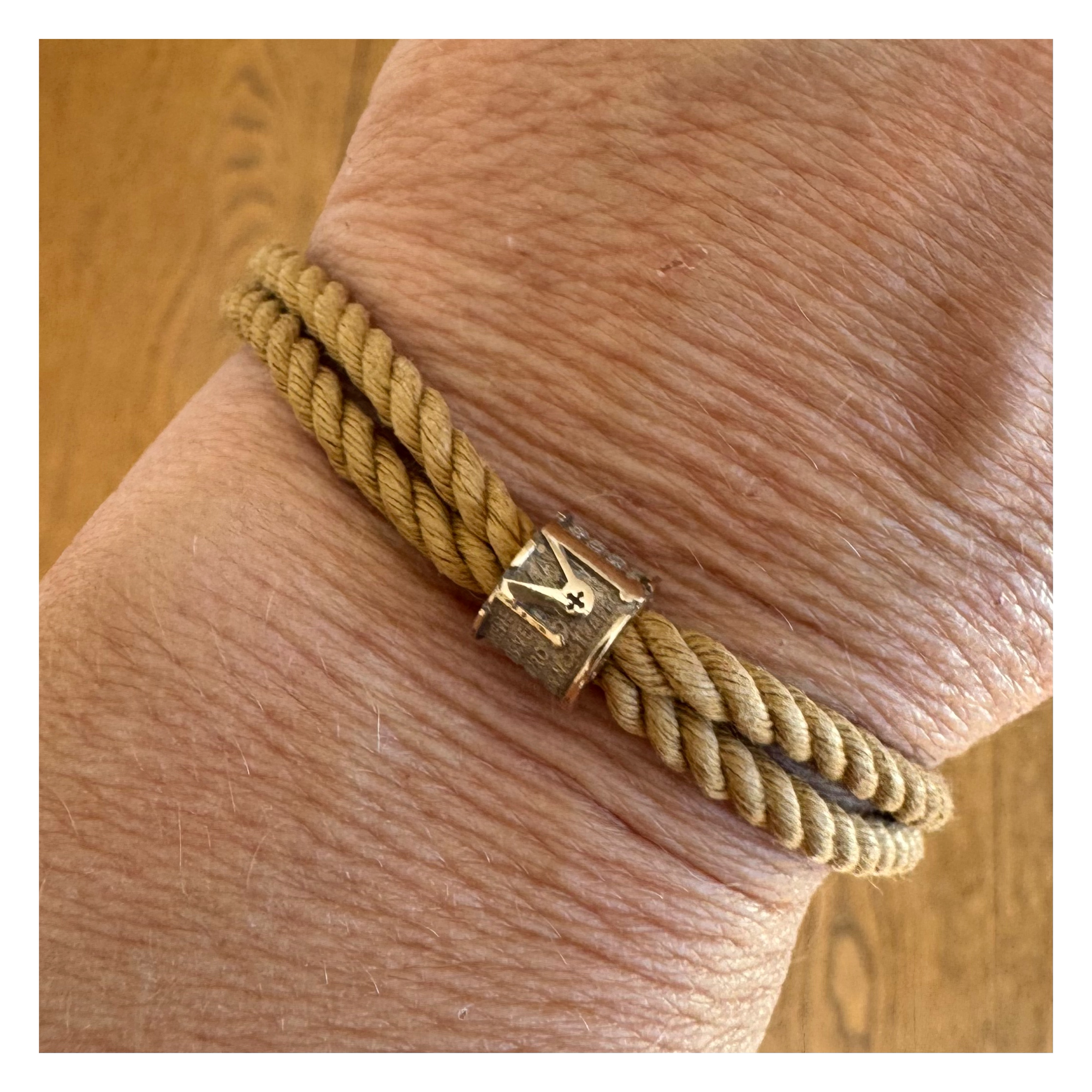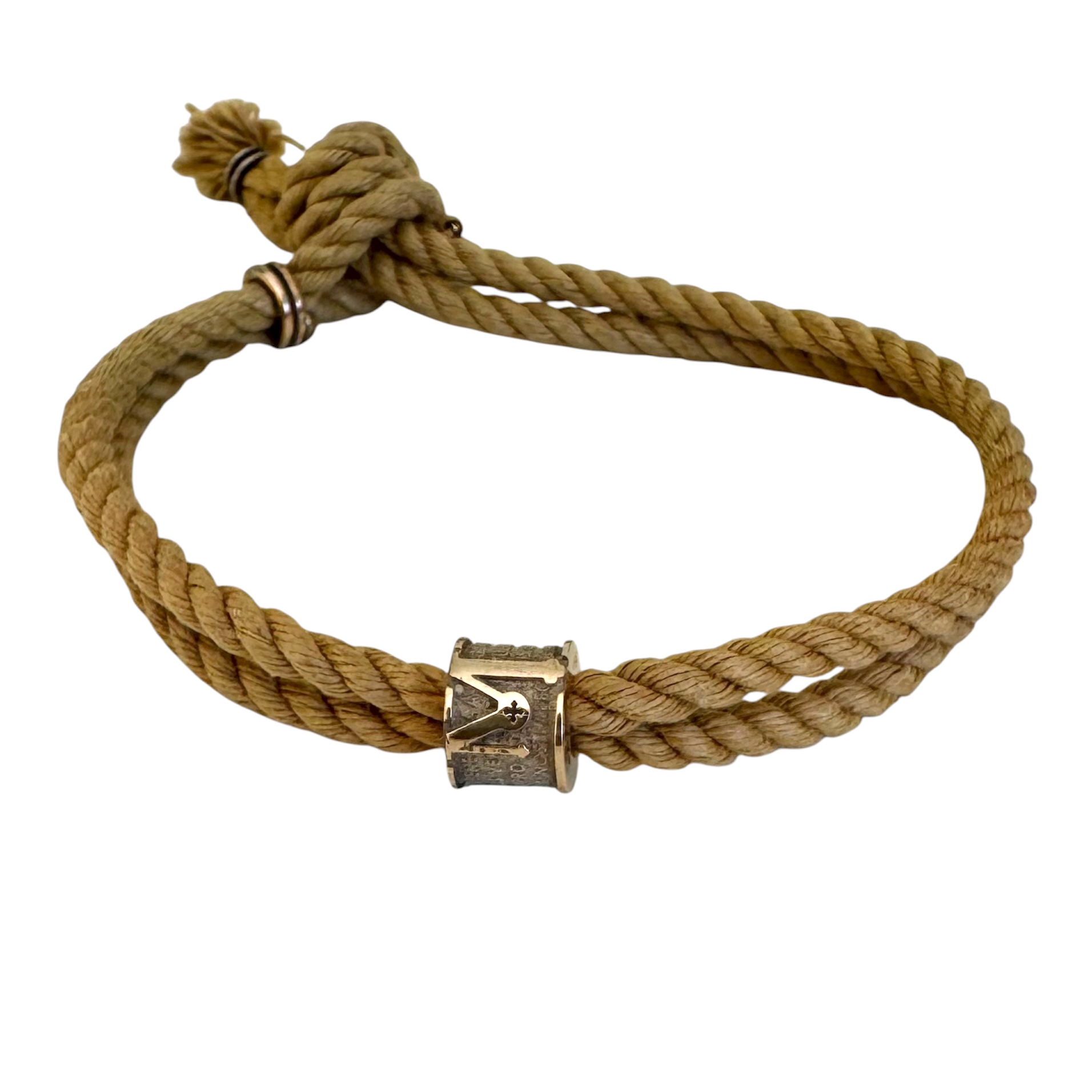 Bracciale INCIPIT FILUM Mater TUUM in Cotone Naturale color tabacco ed elementi in Argento. Il nome prende ispirazione dall'idea di realizzare un gioiello che rappresenti la porta d'ingresso all'universo TUUM. Il piccolo capolavoro riprende fedelmente il design inconfondibile dell'anello a fascia con preghiera in latino. Gioiello Made in Italy completo di confezione regalo e certificato di garanzia ufficiale TUUM.
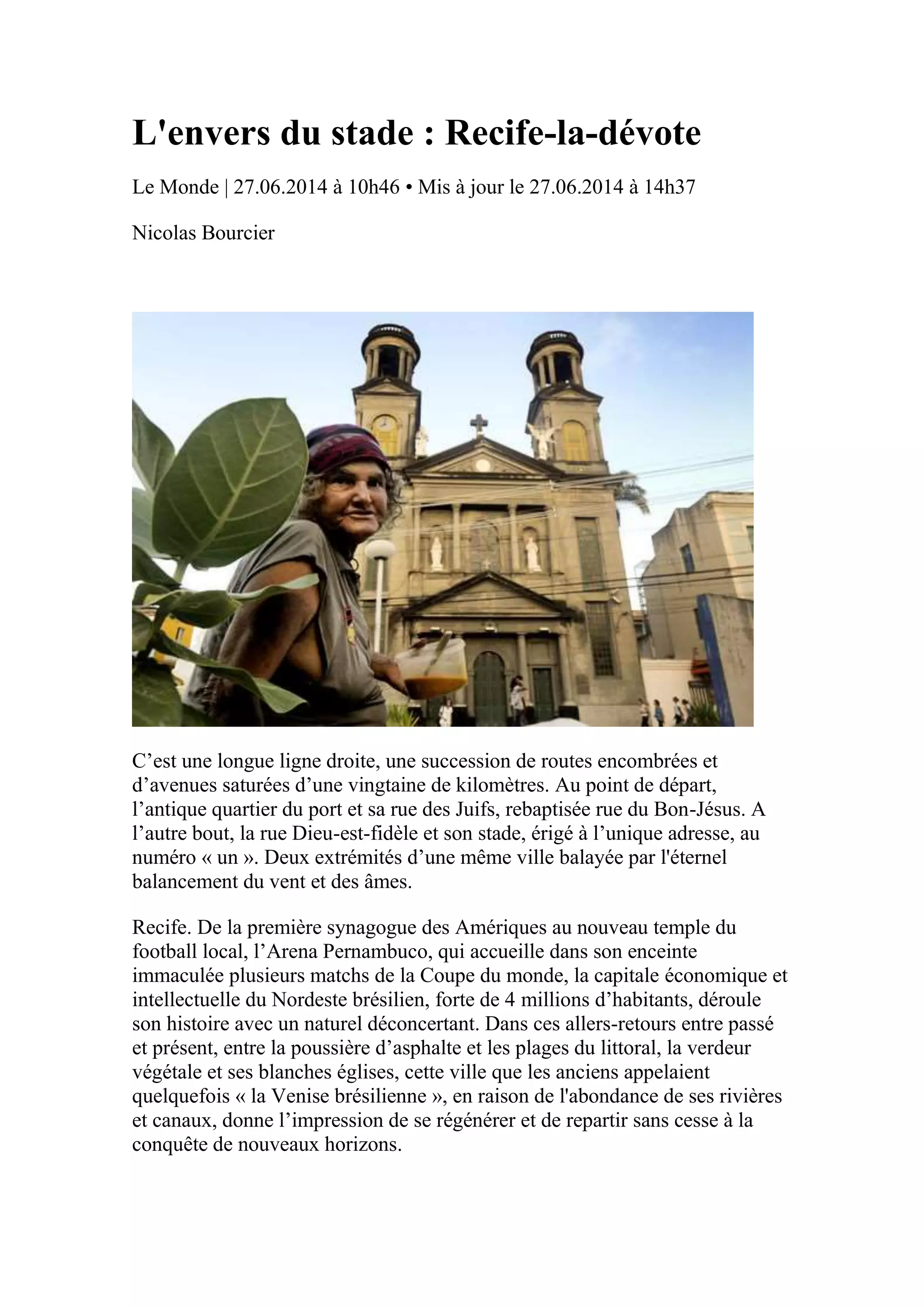 Le document explore l'histoire et la mixité religieuse de Recife, une ville brésilienne, en passant de son passé colonial à son rôle en tant que capitale culturelle et économique du Nordeste. Recife abrite une diversité de croyances, incluant un mélange de catholicisme, d'évangélisme et de religions afro-brésiliennes, illustrant un riche creuset culturel. L'urbanisation recentrée autour du nouveau stade, symbolisant à la fois des défis et des opportunités, révèle les dynamiques sociales et économiques de cette ville en évolution.
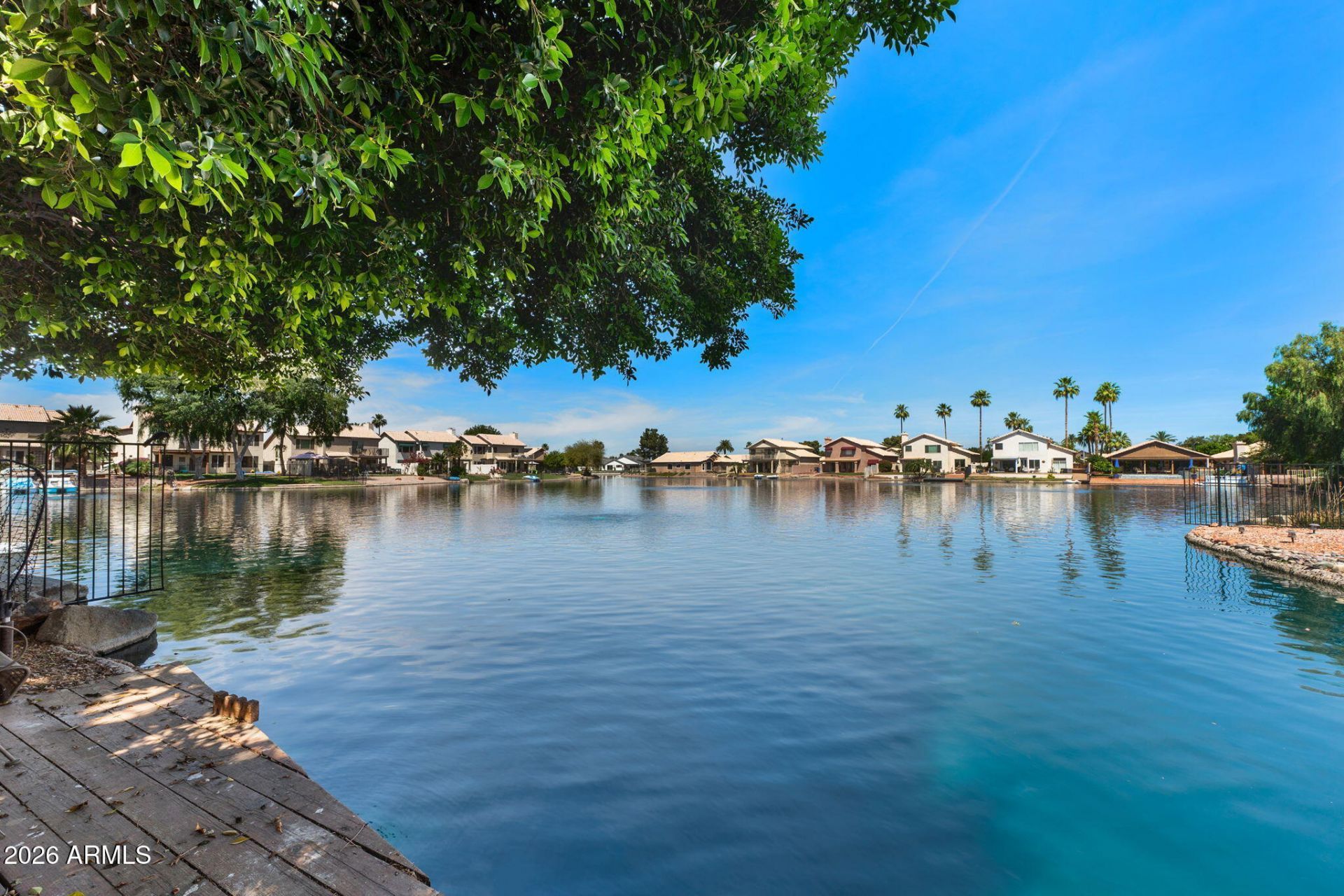 Enjoy Lake Living in this Beautiful 3 Bedroom, 2 Bath, 2 Car Garage Home at The Springs in Chandler. This fantastic home is open and spacious with vaulted ceilings and an updated kitchen with Newer Stainless Appliances and Granite Countertops. The Primary Bathroom has an Amazing Walk-in Shower and both bathrooms have been remodeled with newer cabinets, undermount sinks and beautiful tile work! The home has a freshly painted interior. Outside, enjoy your own backyard paradise with a huge pavered patio, lush green grass and the gorgeous lake view! Fish off of your own dock or relax on a lounge chair...a wonderful property to call your own! Enjoy the Community Pool, Pickleball, and the Biking path and so much more!
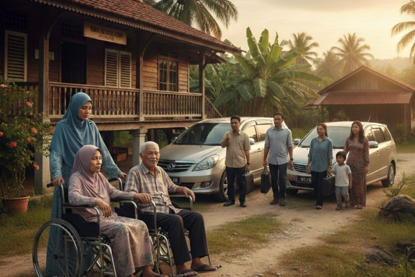 Tidak semua orang sanggup memikul tanggungjawab menjaga ibu bapa di kampung dan menyerahkan tugas kepada adik beradik lain. -Gambar hiasan AI
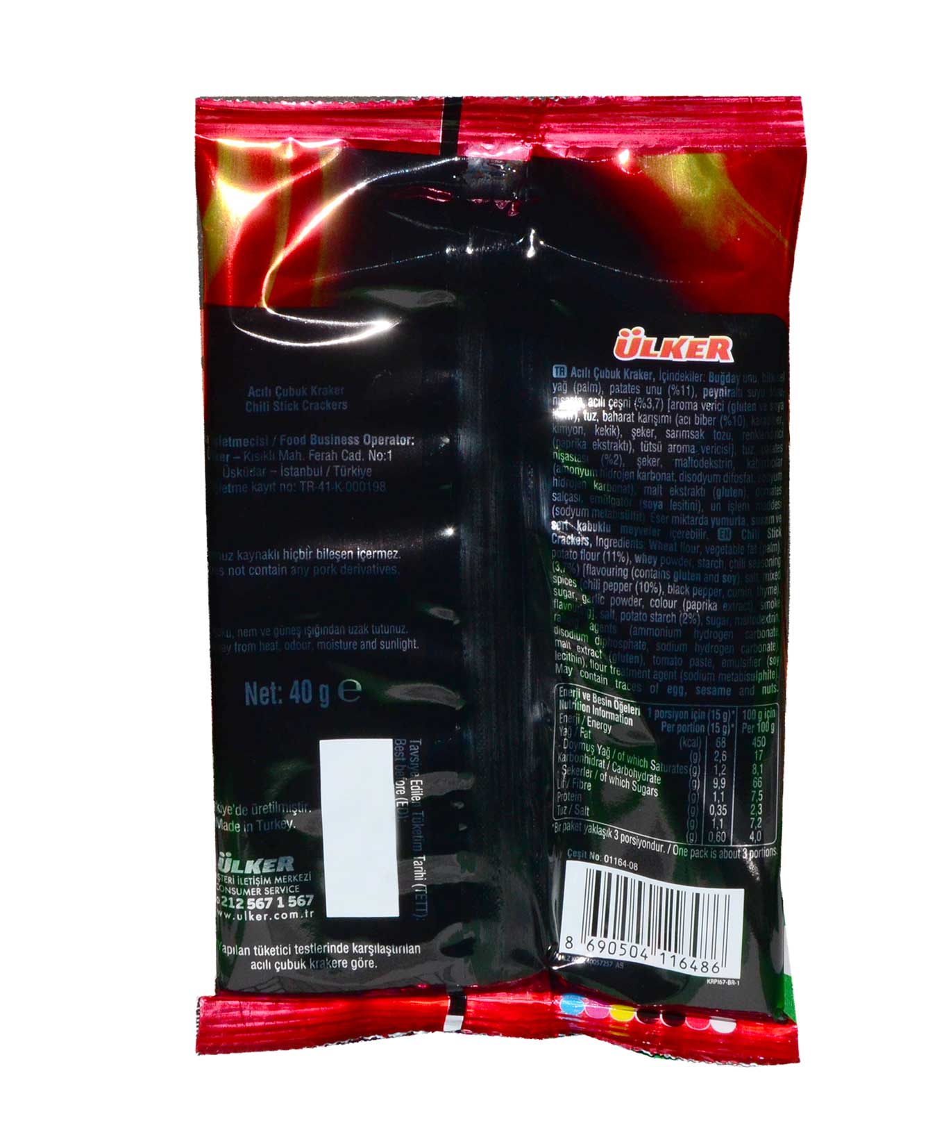 ÜLKER KRİSPİ ACILI ÇUBUK KRAKER 40 GR 15 Lİ 68690504116488
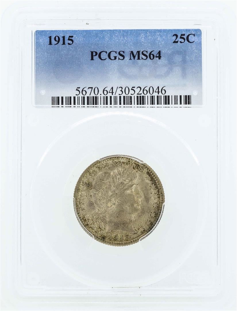 One 1915 Barber Silver Quarter Coin PCGS MS64. PCGS Graded.
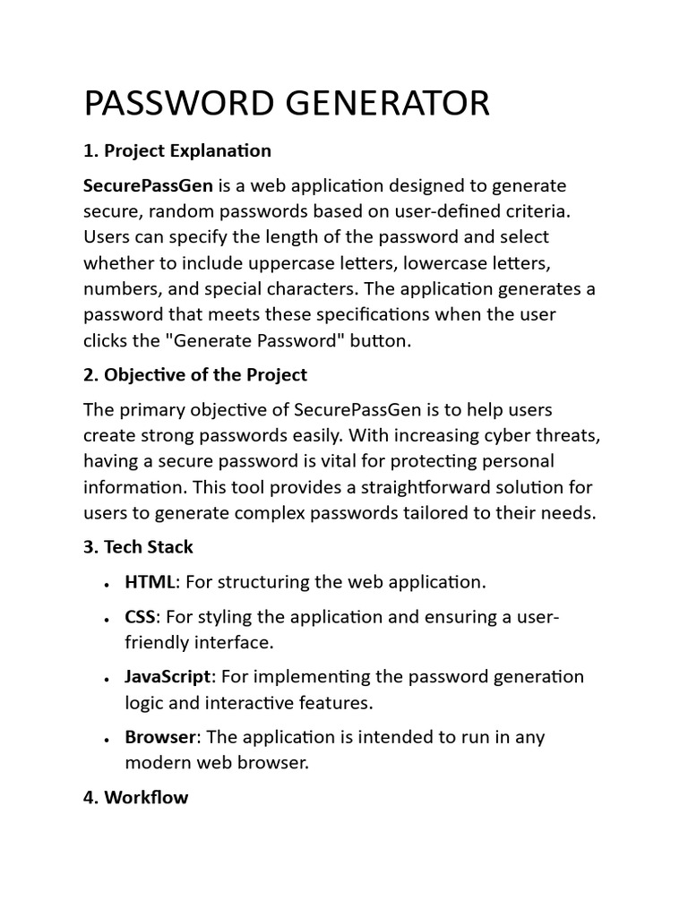• JavaScript: For implementing the password generation

====

_Exercise requirements:_ Copy out every entry above word for word; omit the images.

_Output for this exercise:_
 Bracciale INCIPIT FILUM Mater TUUM in Cotone Naturale color tabacco ed elementi in Argento. Il nome prende ispirazione dall'idea di realizzare un gioiello che rappresenti la porta d'ingresso all'universo TUUM. Il piccolo capolavoro riprende fedelmente il design inconfondibile dell'anello a fascia con preghiera in latino. Gioiello Made in Italy completo di confezione regalo e certificato di garanzia ufficiale TUUM.
 Le document explore l'histoire et la mixité religieuse de Recife, une ville brésilienne, en passant de son passé colonial à son rôle en tant que capitale culturelle et économique du Nordeste. Recife abrite une diversité de croyances, incluant un mélange de catholicisme, d'évangélisme et de religions afro-brésiliennes, illustrant un riche creuset culturel. L'urbanisation recentrée autour du nouveau stade, symbolisant à la fois des défis et des opportunités, révèle les dynamiques sociales et économiques de cette ville en évolution.
 Enjoy Lake Living in this Beautiful 3 Bedroom, 2 Bath, 2 Car Garage Home at The Springs in Chandler. This fantastic home is open and spacious with vaulted ceilings and an updated kitchen with Newer Stainless Appliances and Granite Countertops. The Primary Bathroom has an Amazing Walk-in Shower and both bathrooms have been remodeled with newer cabinets, undermount sinks and beautiful tile work! The home has a freshly painted interior. Outside, enjoy your own backyard paradise with a huge pavered patio, lush green grass and the gorgeous lake view! Fish off of your own dock or relax on a lounge chair...a wonderful property to call your own! Enjoy the Community Pool, Pickleball, and the Biking path and so much more!
 Tidak semua orang sanggup memikul tanggungjawab menjaga ibu bapa di kampung dan menyerahkan tugas kepada adik beradik lain. -Gambar hiasan AI
 ÜLKER KRİSPİ ACILI ÇUBUK KRAKER 40 GR 15 Lİ 68690504116488
 One 1915 Barber Silver Quarter Coin PCGS MS64. PCGS Graded.
• JavaScript: For implementing the password generation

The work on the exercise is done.